Further, detention and seizure proceedings have been delinked from confiscation proceedings to make them operational independently.
Self-assessed tax in GSTR-1 which remains unpaid in GSTR-3B can be directly recovered without issuance of Show Cause Notice
It was brought to the notice of the GST Council that for a number of GSTINs, the GSTR-1 details are considerably larger than GSTR-3B. Furthermore, a lot of cases have been noticed where GSTR-1 has been filed without filing the corresponding GSTR-3B. Therefore, it has been proposed to clarify that scope of self-assessed tax shall include tax payable on outward supplies reported in GSTR-1 which remains unpaid in GSTR-3B. Such amount shall be directly liable to be recovered even without issuance of Show Cause Notice. However, the proposed amendment would put even the genuine taxpayers into trouble for the reason that difference between GSTR-1 and GSTR-3B can occur on account of various genuine reasons as well unintentional reporting errors.
Scope of provisional attachment widened
For protecting the interest of revenue, the budget has proposed for provisional attachment of property, including bank account belonging even to those persons at whose instance the subject transaction has been carried and who has been benefitted out of transaction. Earlier the provisional attachment was applicable only in respect property, including bank account belonging to taxable persons.

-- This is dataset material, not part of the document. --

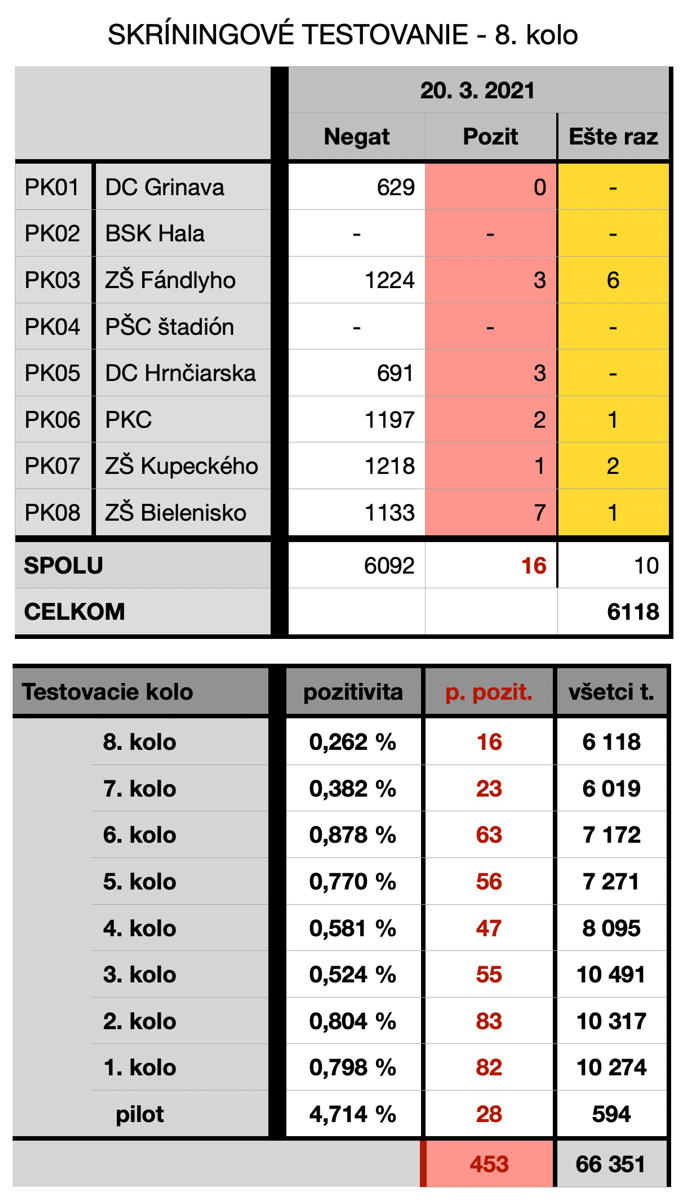 V sobotu 20. marca otestovali v 6 mestských odberných miestach 6 118 ľudí. Pozitívnych bolo 16 z nich. Predstavuje to opäť pokles oproti 7. kolu testovania z 13. marca. Súčasné percento pozitivity v mestských odberných miestach je 0,262.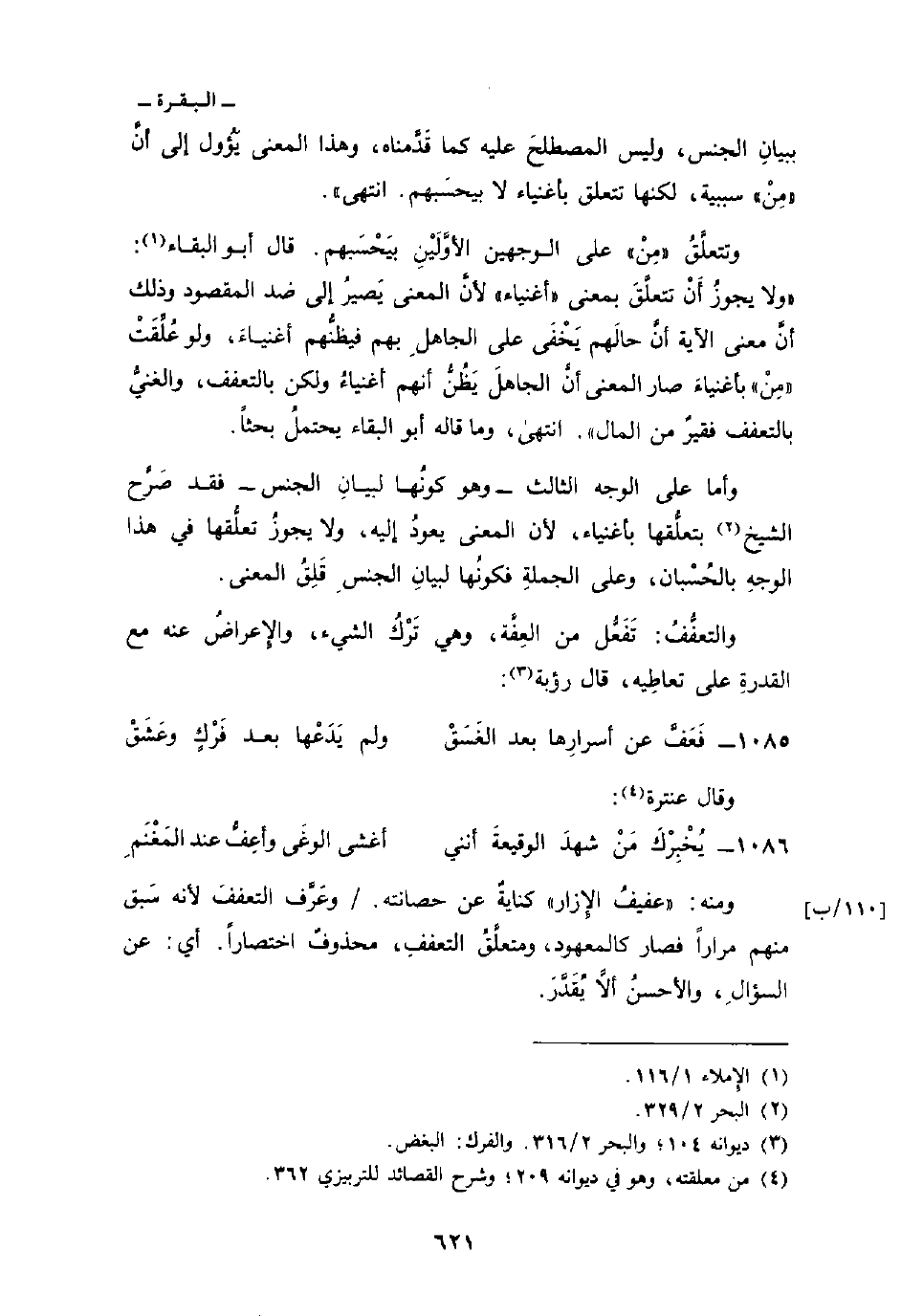 ومنه: «عفيفُ الإِزار» كنايةٌ عن حصانته. / وعَرَّف التعففَ لأنه سَبق منهم مراراً فصار كالمعهود، ومتعلَّقٌ التعففِ، محذوفٌ اختصاراً. أي: عن السؤالِ، والأحسنُ ألاَّ يُقَدَّرَ.

Further, provisional attachment can be made after initiation of specified proceedings such as inspection, search, seizure etc. The requirement of pendency of any proceedings is no more a precondition for provisional attachment.

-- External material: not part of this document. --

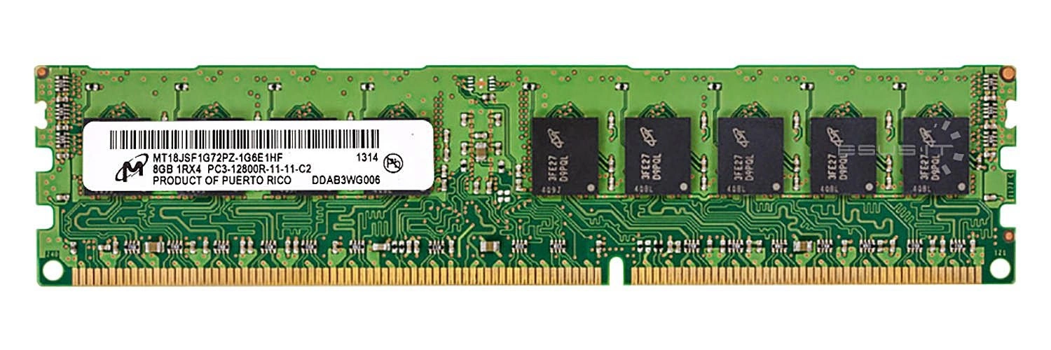 - Sestava pamětí RAM 8 GB která je složena z 1x 8GB PC3-12800 DDR3 1600MHz 1.5 V ECC REGISTERED | MT18JSF1G72PZ-1G6

Also, the scope has been widened by allowing provisional attachment even after scrutiny of returns.
TRADE FACILITATION MEASURES
Removal of requirement of GST Audit and reconciliation statement by professionals
GST has been criticized for multiple compliances that prove challenging for taxpayers, especially for small and medium-sized businesses. The budget has proposed to remove the mandatory requirement of furnishing audited annual accounts and reconciliation statement for registered persons having turnover more than specified threshold. Filing of the annual return including reconciliation statement shall be done on a self-certification basis.
It may be noted that the proposed amendment shall come into effect from a date to be notified later. For Financial Year 2019-20, the existing provisions shall continue.
Interest on Net Cash Liability
Finance (No.2) Act, 2019 inserted provision stating that interest is leviable only on that portion of output liability which is discharged by way of cash. Now that provision has been proposed to be given a retrospective effect from 1st July 2017.
Therefore, the hallmark of the 2021 budget is enlarging the powers of tax authorities. The only expectation is that the same is not misused by them against genuine taxpayers.
(Surbhi Premi is the Joint Director at Lakshmikumaran & Sridharan Attorneys. The views expressed are the author’s own.)